Mostly because in the pre-validators the defaults and aliases aren't
applied, do we have to check all the cases. Removing those requires
setting defaults, and checking them afterward.
---
python/pyiceberg/table/metadata.py | 57 +++++++++++++++++++++-----------------
1 file changed, 32 insertions(+), 25 deletions(-)

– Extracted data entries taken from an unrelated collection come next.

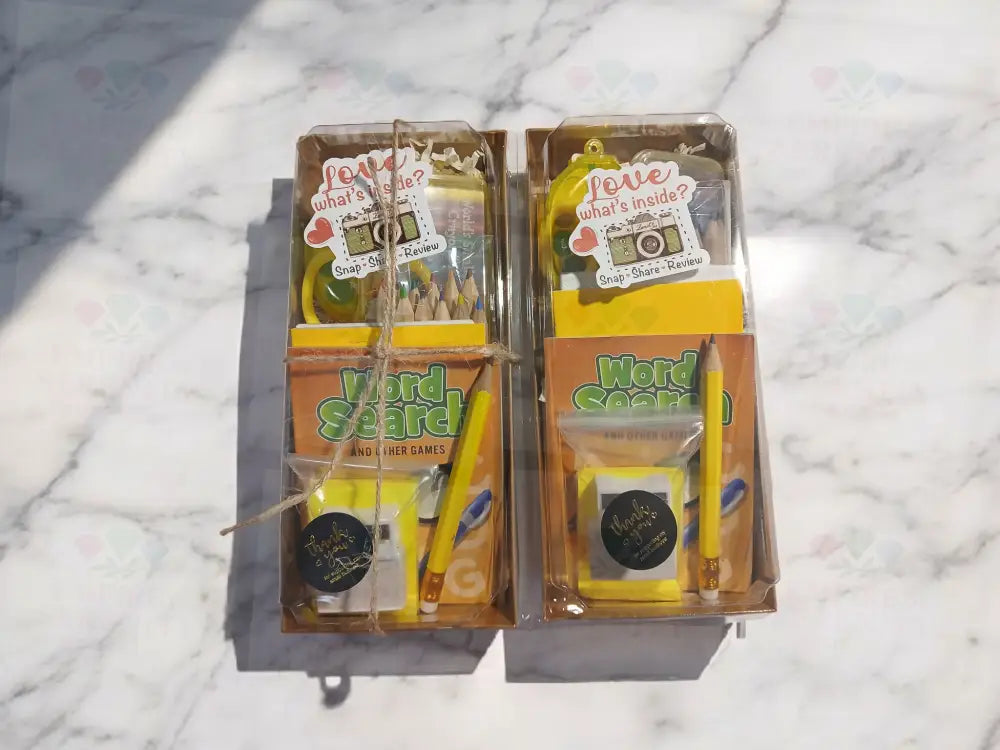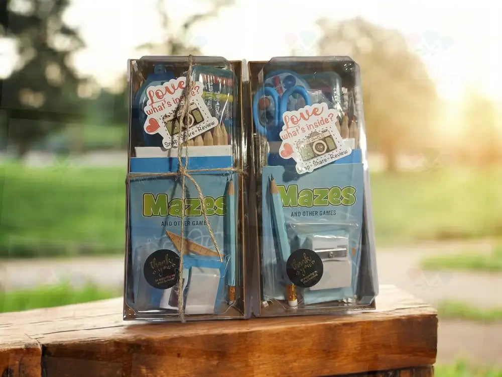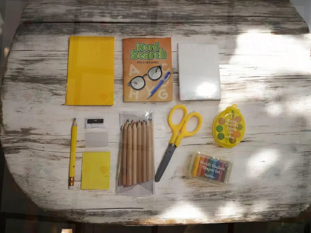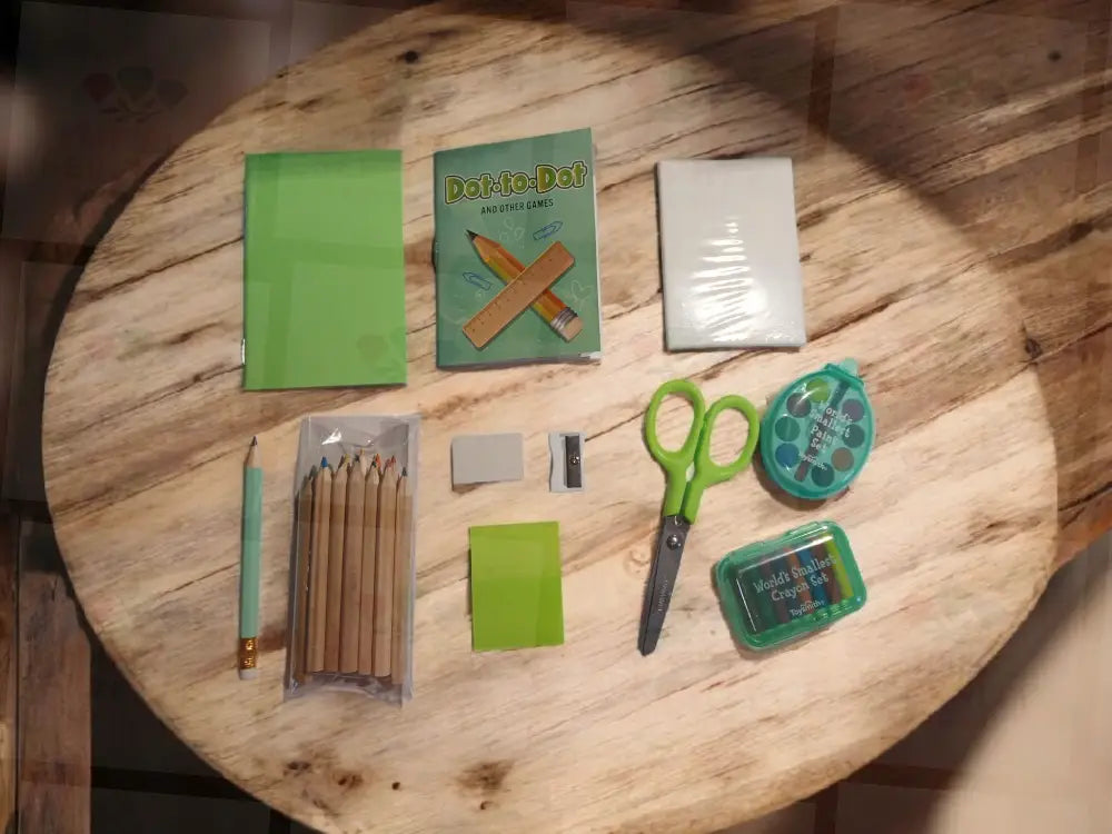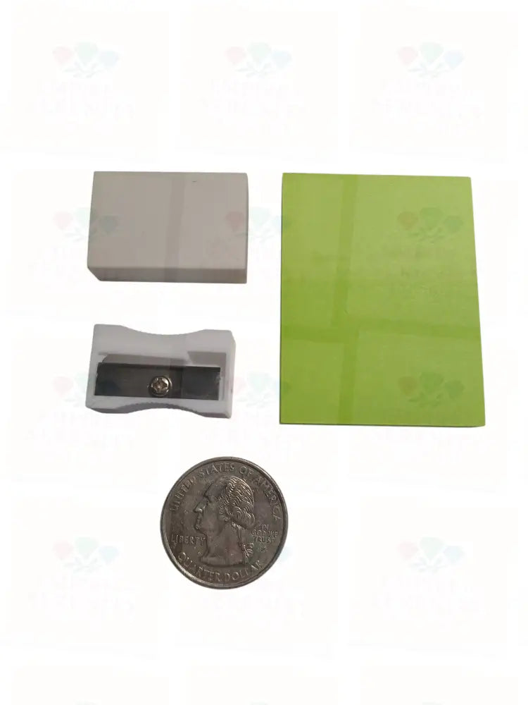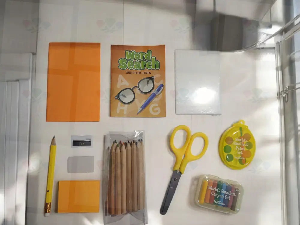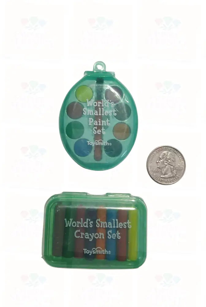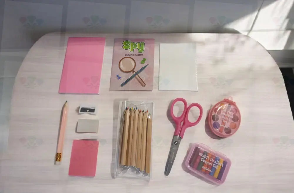 Each set features a delightful collection of mini art essentials, including a miniature crayon set, paint set, and colored pencils, along with a tiny eraser, pencil sharpener, and a golf-sized pencil. It also comes with a matching set of miniature sticky notes, activity book, a notebook, an art canvas measuring 2.5 x 3.5 inches, and a small pair of scissors. All pieces are thoughtfully paired together to create a charming, colorful art kit that inspires creativity in the cutest way!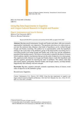 Библиографическое описание:Suleimanova, Olga. Using Big Data Experiments in Cognitive and Linguo-Cultural Research in English and Russian = Использование больших данных в когнитивных и лингвокультурологических исследованиях английского и русского языков / O. A. Suleimanova, I. M. Petrova. - Текст : непосредственный // Журнал Сибирского федерального университета. Гуманитарные науки. - 2020. - Т. 13, № 3. - С. 385–393. - Библиогр.: с. 391-393. - ISSN 1997-1370.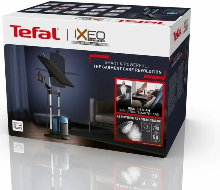 Прасувальна система Tefal Ixeo Power QT2022E1 із системою «All-in-One» – це інноваційна парова прасувальна система з технологією високого тиску для бездоганно потужної пари та унікальною трипозиційною дошкою для комфортного прасування та відпарювання.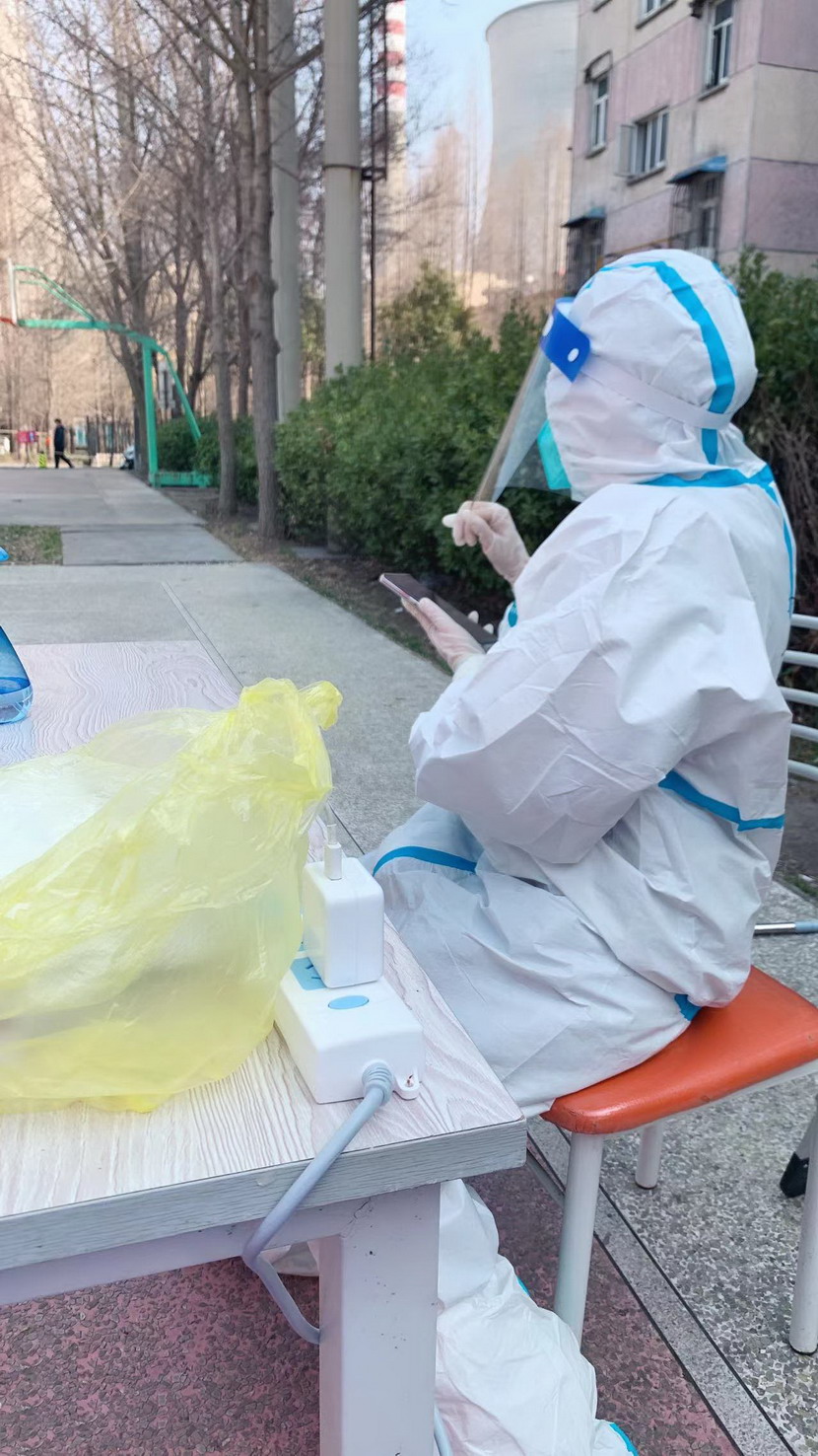 38日,臨時(shí)黨支部成立,黨員志愿者們隨即奔赴社區(qū)核酸檢測(cè)現(xiàn)場(chǎng)。當(dāng)天,志愿者們穿上防護(hù)服?!澳愫?,請(qǐng)戴好口罩,出示健康碼。”“你好,這邊人比較少,請(qǐng)往這邊走,保持一米距離?!本S持現(xiàn)場(chǎng)秩序、檢查健康碼、登記核酸個(gè)人信息……志愿者們堅(jiān)守在各自責(zé)任區(qū),細(xì)心、耐心回答居民們的各類問(wèn)題,忙得連喝水的時(shí)間都沒(méi)有。細(xì)致周到的服務(wù)、無(wú)私的奉獻(xiàn)精神,得到了社區(qū)居民們的一致認(rèn)可和贊揚(yáng)。

diff --git a/python/pyiceberg/table/metadata.py b/python/pyiceberg/table/metadata.py
index b0818fc1e8..d3d1fbbfa5 100644
--- a/python/pyiceberg/table/metadata.py
+++ b/python/pyiceberg/table/metadata.py
@@ -43,17 +43,23 @@ from pyiceberg.typedef import EMPTY_DICT, Properties
from pyiceberg.utils.datetime import datetime_to_micros
from pyiceberg.utils.iceberg_base_model import IcebergBaseModel
+CURRENT_SNAPSHOT_ID = "current_snapshot_id"

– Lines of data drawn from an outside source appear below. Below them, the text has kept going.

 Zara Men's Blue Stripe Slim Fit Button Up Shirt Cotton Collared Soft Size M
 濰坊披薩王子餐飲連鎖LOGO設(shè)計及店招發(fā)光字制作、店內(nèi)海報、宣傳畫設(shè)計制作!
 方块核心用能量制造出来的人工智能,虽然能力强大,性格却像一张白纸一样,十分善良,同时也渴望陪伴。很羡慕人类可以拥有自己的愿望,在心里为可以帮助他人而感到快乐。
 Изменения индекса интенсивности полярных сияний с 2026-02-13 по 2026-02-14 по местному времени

+CURRENT_SCHEMA_ID = "current_schema_id"
+SCHEMAS = "schemas"
+PARTITION_SPECS = "partition_specs"
+SORT_ORDERS = "sort_orders"
+REFS = "refs"
+
INITIAL_SEQUENCE_NUMBER = 0
INITIAL_SPEC_ID = 0
DEFAULT_SCHEMA_ID = 0
-DEFAULT_LAST_PARTITION_ID = 1000
def check_schemas(values: Dict[str, Any]) -> Dict[str, Any]:
"""Validator to check if the current-schema-id is actually present in schemas"""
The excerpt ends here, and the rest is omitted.